Given material:
+ + + + +
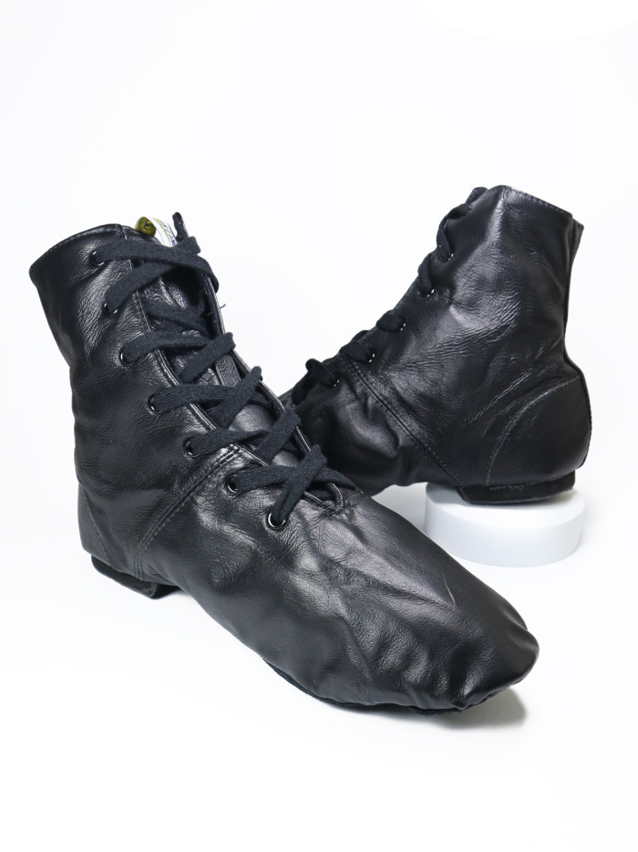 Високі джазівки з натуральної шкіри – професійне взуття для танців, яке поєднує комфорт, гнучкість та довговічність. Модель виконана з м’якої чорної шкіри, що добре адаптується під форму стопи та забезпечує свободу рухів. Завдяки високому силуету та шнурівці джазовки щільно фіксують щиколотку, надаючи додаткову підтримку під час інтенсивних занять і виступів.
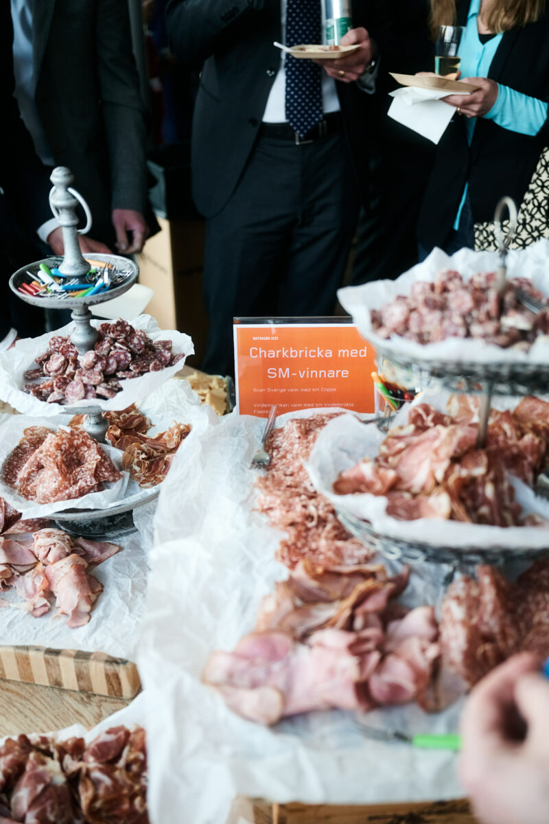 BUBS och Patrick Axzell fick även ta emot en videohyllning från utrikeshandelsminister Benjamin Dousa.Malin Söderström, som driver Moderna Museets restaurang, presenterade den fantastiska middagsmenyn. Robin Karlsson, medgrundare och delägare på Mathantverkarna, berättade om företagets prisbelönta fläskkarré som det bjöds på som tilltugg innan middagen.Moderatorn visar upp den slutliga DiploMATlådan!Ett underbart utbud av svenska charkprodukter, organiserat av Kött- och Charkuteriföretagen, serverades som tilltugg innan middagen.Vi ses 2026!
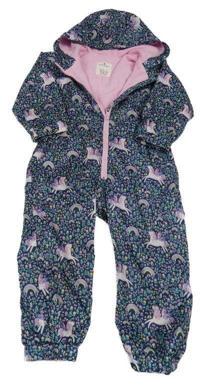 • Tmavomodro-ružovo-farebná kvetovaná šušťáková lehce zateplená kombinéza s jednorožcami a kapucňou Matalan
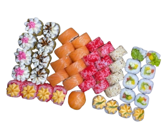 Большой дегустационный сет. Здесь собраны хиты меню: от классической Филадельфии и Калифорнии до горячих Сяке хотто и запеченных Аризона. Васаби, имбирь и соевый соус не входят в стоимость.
+ + + + +
Exercise details:
Exclude the pictures and give back the rest of the data above exactly as written.

Output of the task:
 Високі джазівки з натуральної шкіри – професійне взуття для танців, яке поєднує комфорт, гнучкість та довговічність. Модель виконана з м’якої чорної шкіри, що добре адаптується під форму стопи та забезпечує свободу рухів. Завдяки високому силуету та шнурівці джазовки щільно фіксують щиколотку, надаючи додаткову підтримку під час інтенсивних занять і виступів.
 BUBS och Patrick Axzell fick även ta emot en videohyllning från utrikeshandelsminister Benjamin Dousa.Malin Söderström, som driver Moderna Museets restaurang, presenterade den fantastiska middagsmenyn. Robin Karlsson, medgrundare och delägare på Mathantverkarna, berättade om företagets prisbelönta fläskkarré som det bjöds på som tilltugg innan middagen.Moderatorn visar upp den slutliga DiploMATlådan!Ett underbart utbud av svenska charkprodukter, organiserat av Kött- och Charkuteriföretagen, serverades som tilltugg innan middagen.Vi ses 2026!
 • Tmavomodro-ružovo-farebná kvetovaná šušťáková lehce zateplená kombinéza s jednorožcami a kapucňou Matalan
 Большой дегустационный сет. Здесь собраны хиты меню: от классической Филадельфии и Калифорнии до горячих Сяке хотто и запеченных Аризона. Васаби, имбирь и соевый соус не входят в стоимость.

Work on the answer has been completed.